- _Exercise objective_
Starting with the line that has "This modern baby" and finishing with the line that has "Eine trendige Abschluss-Anzeigenkarte", set down each line below exactly. Pictures are not copied.

☆ ☆ ☆ ☆ ☆

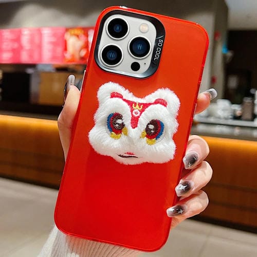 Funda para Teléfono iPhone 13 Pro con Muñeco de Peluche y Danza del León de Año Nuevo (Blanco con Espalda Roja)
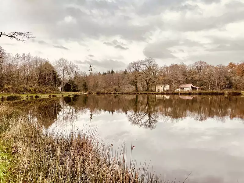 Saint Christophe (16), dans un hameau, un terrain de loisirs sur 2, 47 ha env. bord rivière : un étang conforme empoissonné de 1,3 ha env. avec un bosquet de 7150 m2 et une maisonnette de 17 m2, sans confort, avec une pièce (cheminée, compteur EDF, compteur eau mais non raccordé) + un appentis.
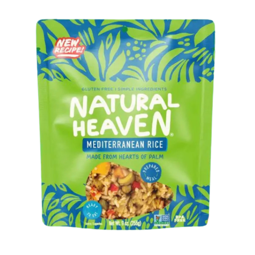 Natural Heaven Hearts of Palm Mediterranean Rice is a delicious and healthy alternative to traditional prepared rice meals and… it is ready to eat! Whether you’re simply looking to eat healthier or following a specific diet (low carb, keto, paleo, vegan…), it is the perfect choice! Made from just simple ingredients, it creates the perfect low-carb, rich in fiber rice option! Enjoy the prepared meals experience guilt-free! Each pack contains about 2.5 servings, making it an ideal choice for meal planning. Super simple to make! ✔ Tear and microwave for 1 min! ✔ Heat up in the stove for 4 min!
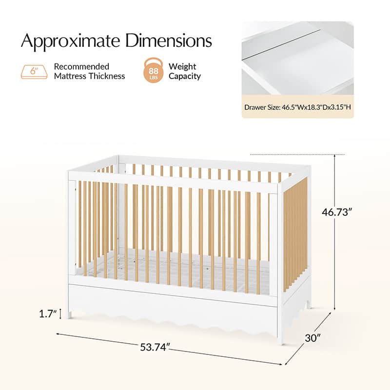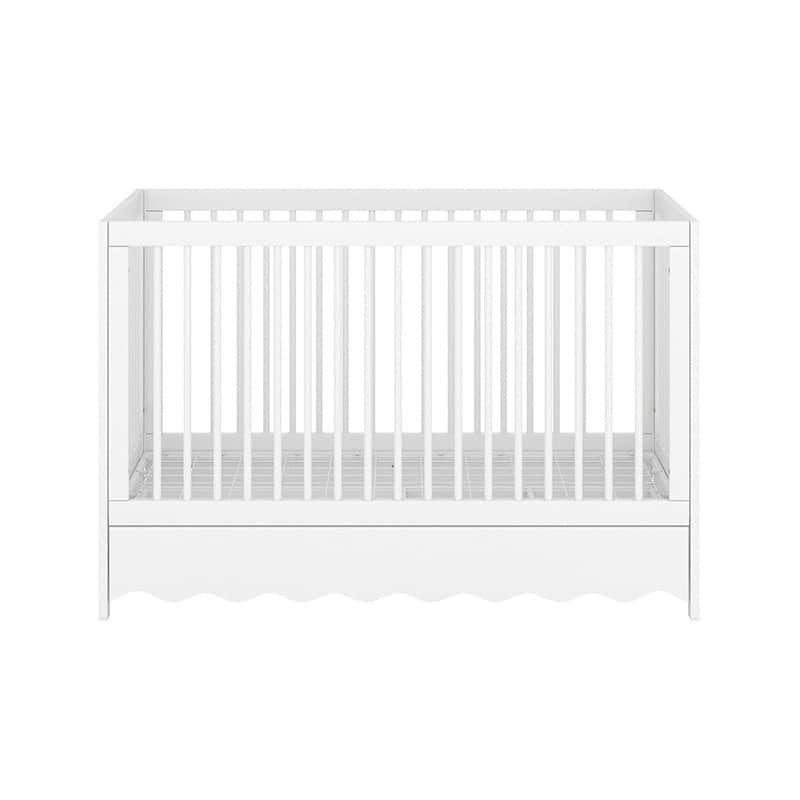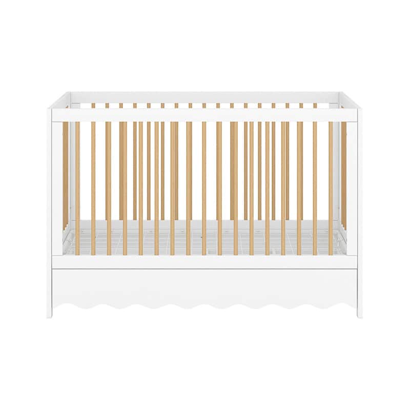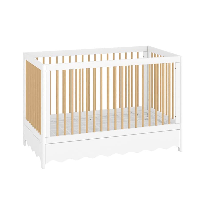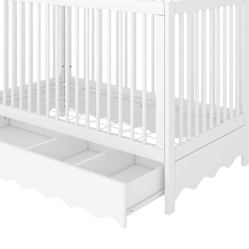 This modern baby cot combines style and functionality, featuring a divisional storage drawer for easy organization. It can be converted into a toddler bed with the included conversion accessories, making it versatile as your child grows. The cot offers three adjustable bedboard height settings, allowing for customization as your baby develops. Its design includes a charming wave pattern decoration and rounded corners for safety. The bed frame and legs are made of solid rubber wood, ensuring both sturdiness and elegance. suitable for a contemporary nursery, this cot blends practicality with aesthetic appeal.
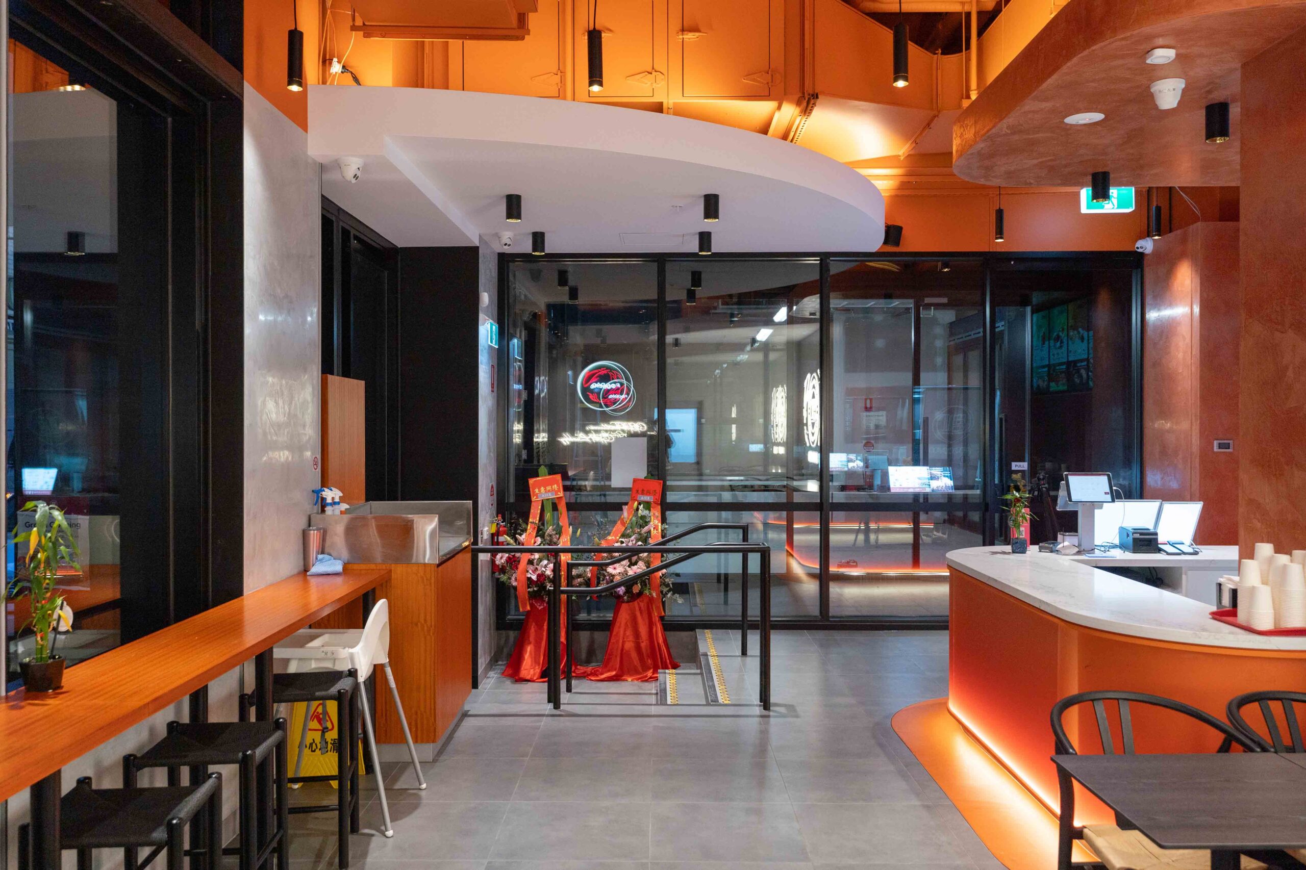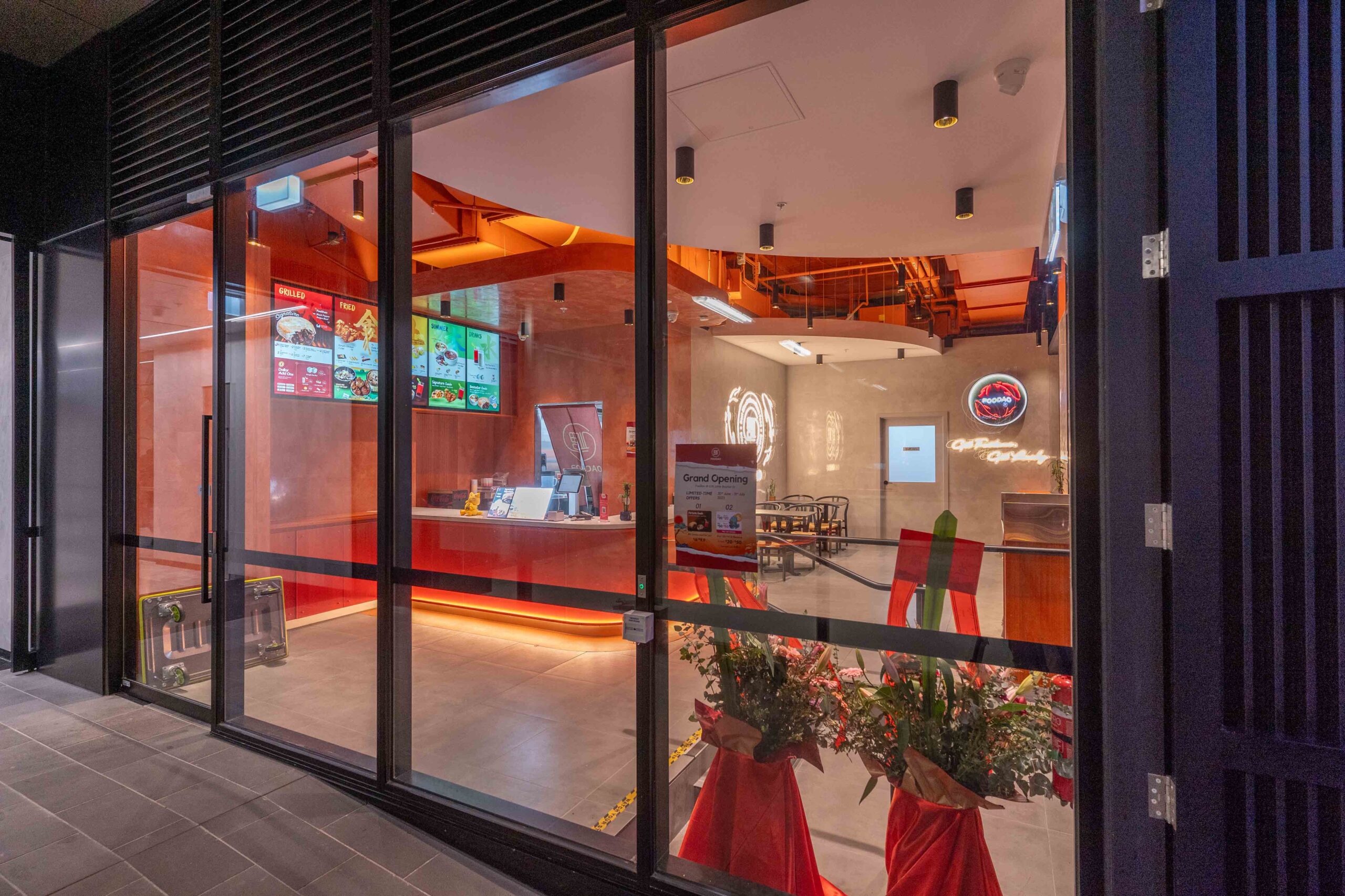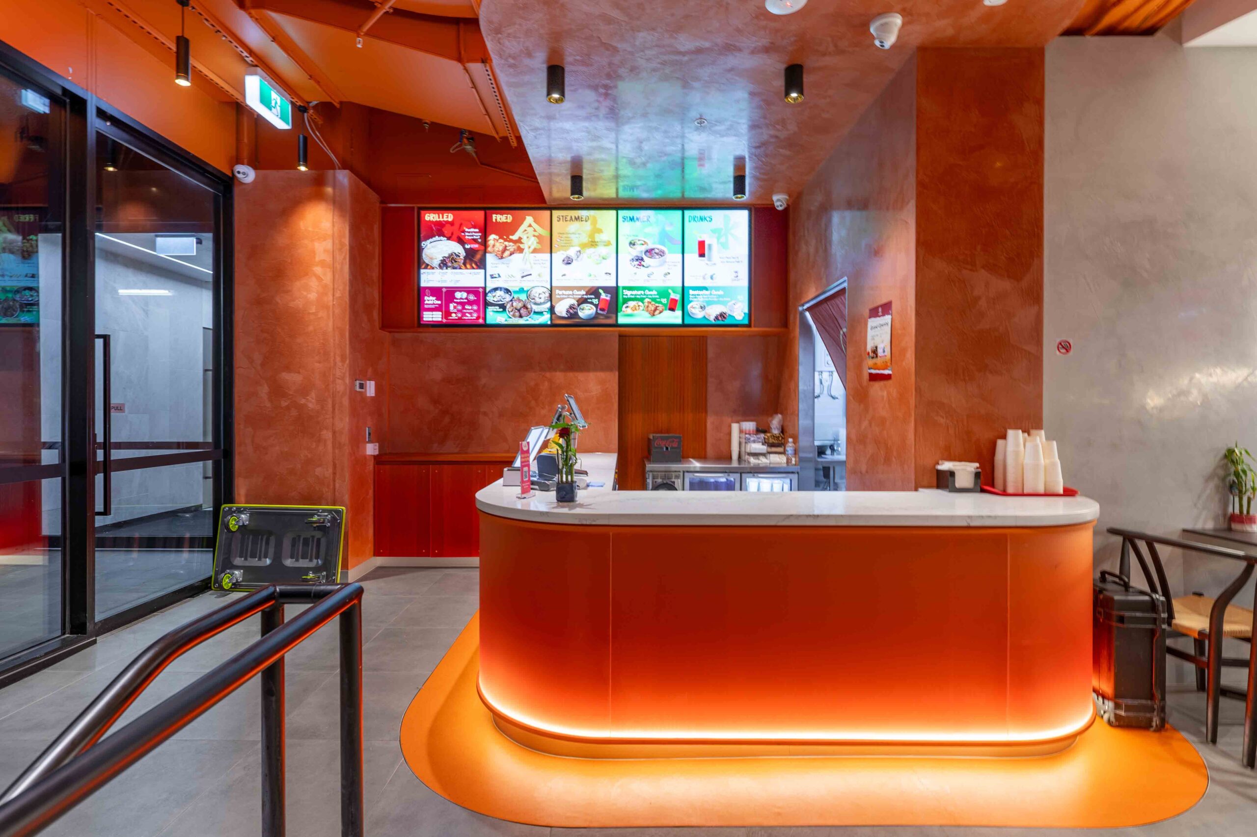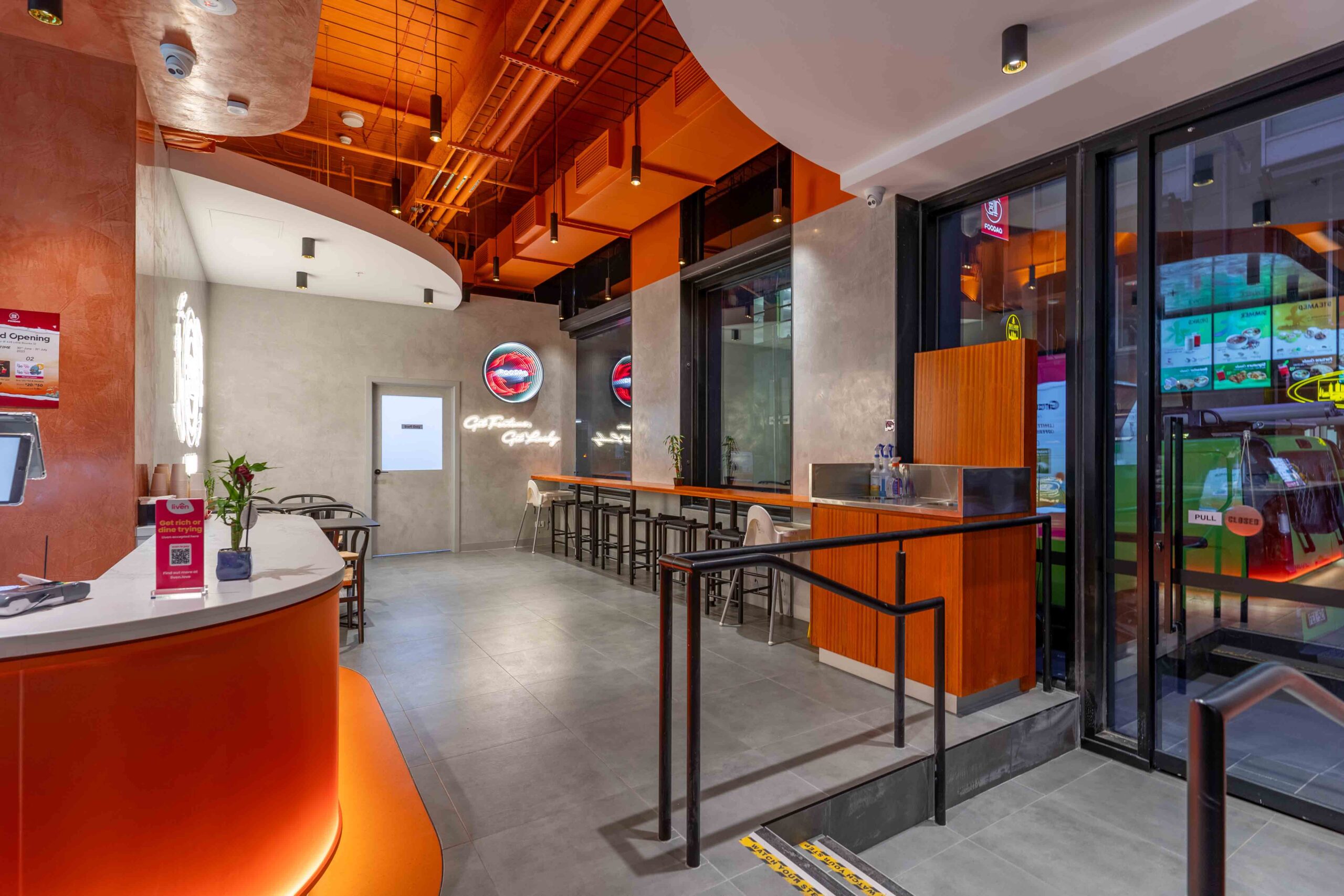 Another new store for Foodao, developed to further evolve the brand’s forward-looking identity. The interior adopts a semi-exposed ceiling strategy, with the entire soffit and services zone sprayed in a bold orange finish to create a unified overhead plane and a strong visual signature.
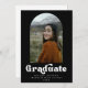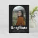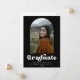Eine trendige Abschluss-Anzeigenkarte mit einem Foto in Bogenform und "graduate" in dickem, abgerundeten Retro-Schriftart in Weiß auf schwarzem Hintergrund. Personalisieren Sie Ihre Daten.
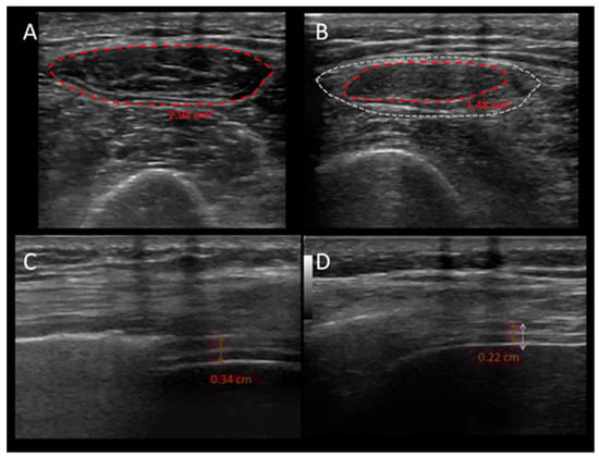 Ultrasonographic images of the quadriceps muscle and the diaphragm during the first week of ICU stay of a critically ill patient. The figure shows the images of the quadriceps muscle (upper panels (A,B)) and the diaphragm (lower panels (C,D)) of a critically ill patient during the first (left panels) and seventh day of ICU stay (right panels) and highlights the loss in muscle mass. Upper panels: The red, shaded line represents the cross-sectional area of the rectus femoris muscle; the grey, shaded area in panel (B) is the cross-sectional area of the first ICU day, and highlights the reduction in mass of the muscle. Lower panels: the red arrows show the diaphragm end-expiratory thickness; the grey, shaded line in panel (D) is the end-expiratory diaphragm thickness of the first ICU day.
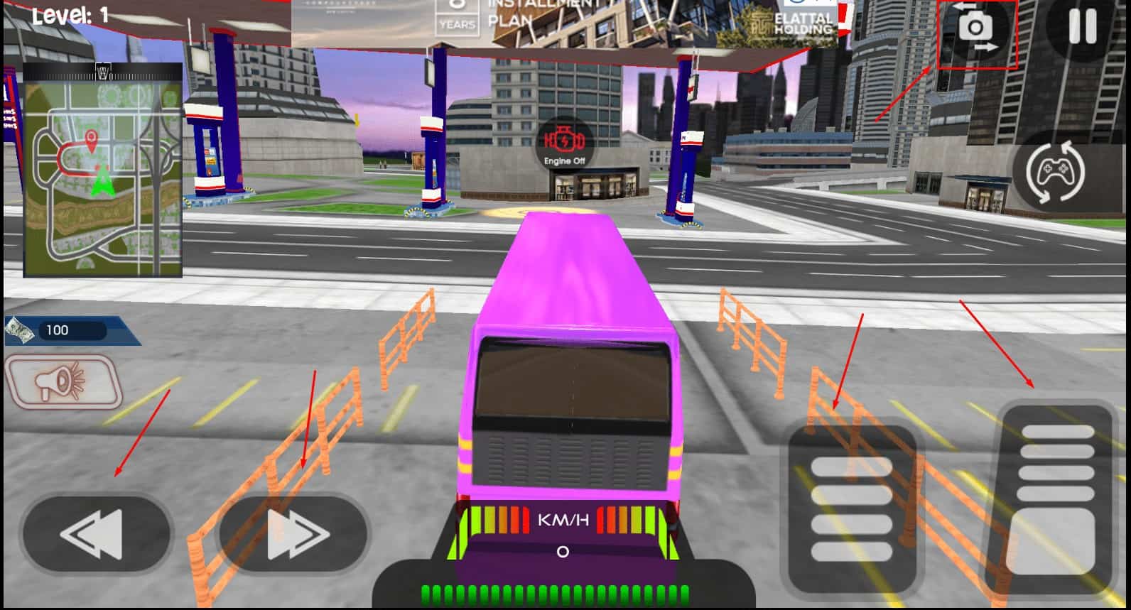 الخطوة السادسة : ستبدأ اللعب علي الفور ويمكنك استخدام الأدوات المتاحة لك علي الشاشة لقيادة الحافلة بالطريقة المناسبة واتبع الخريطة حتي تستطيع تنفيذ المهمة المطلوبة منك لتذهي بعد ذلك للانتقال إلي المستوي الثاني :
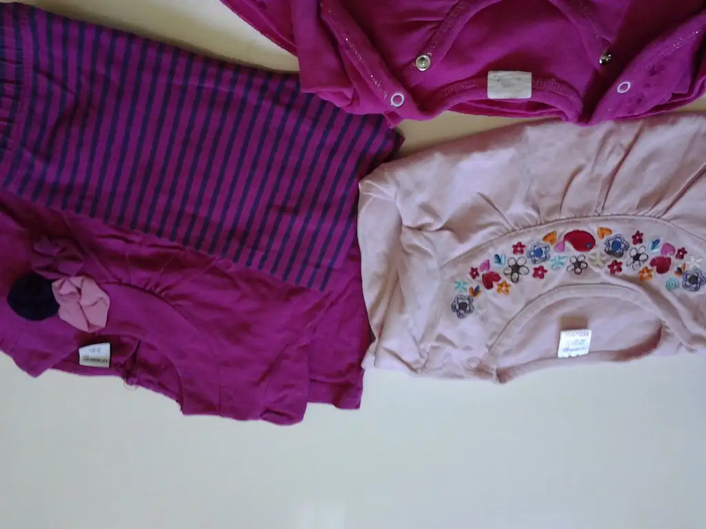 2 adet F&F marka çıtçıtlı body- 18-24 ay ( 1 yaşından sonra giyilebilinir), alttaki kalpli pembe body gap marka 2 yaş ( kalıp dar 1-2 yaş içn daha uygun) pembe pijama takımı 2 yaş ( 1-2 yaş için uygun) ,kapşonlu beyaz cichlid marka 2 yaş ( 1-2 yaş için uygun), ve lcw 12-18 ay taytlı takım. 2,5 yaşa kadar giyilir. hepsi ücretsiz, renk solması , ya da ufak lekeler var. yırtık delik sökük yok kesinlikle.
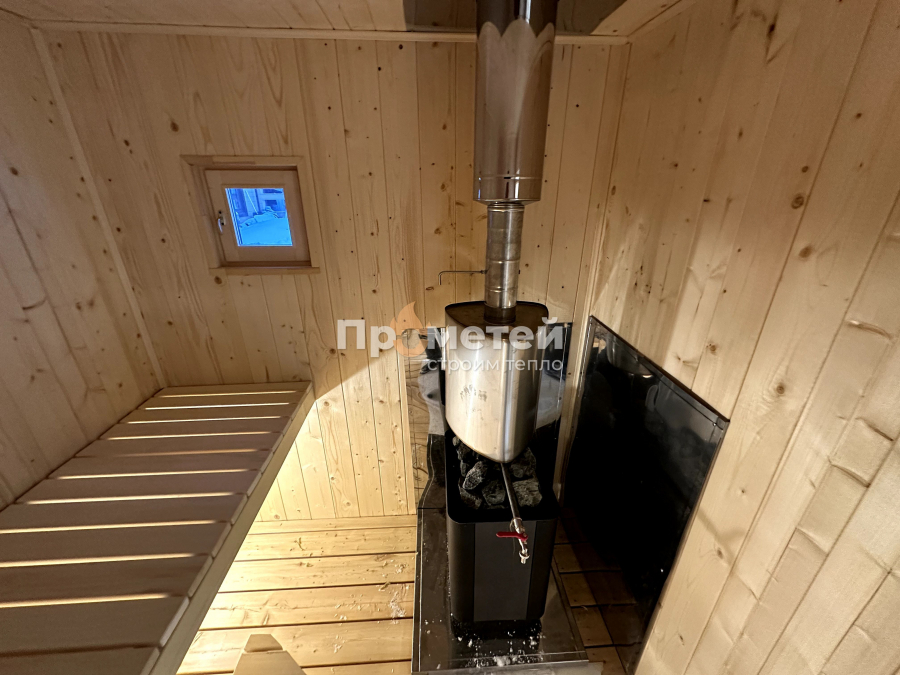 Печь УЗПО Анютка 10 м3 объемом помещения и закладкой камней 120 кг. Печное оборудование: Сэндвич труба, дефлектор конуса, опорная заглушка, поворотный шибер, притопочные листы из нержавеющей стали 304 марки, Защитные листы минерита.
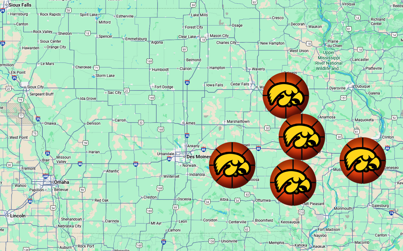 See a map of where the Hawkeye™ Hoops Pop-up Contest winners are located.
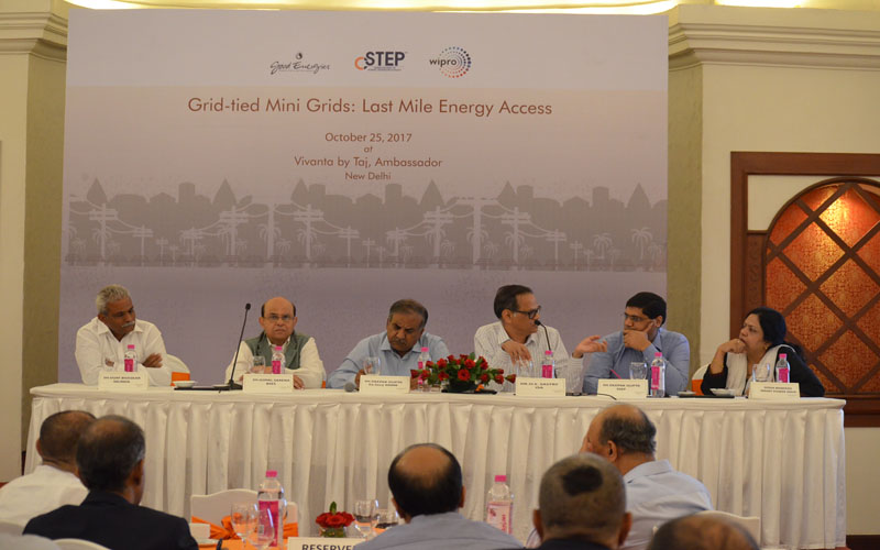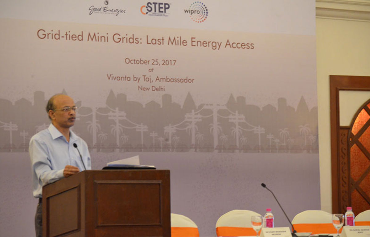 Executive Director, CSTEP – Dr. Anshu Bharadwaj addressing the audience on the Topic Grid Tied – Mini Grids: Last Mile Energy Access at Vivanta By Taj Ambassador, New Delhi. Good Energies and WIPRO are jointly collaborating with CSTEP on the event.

☆ ☆ ☆ ☆ ☆

- _Answer for the task_
 This modern baby cot combines style and functionality, featuring a divisional storage drawer for easy organization. It can be converted into a toddler bed with the included conversion accessories, making it versatile as your child grows. The cot offers three adjustable bedboard height settings, allowing for customization as your baby develops. Its design includes a charming wave pattern decoration and rounded corners for safety. The bed frame and legs are made of solid rubber wood, ensuring both sturdiness and elegance. suitable for a contemporary nursery, this cot blends practicality with aesthetic appeal.
 Another new store for Foodao, developed to further evolve the brand’s forward-looking identity. The interior adopts a semi-exposed ceiling strategy, with the entire soffit and services zone sprayed in a bold orange finish to create a unified overhead plane and a strong visual signature.
Eine trendige Abschluss-Anzeigenkarte mit einem Foto in Bogenform und "graduate" in dickem, abgerundeten Retro-Schriftart in Weiß auf schwarzem Hintergrund. Personalisieren Sie Ihre Daten.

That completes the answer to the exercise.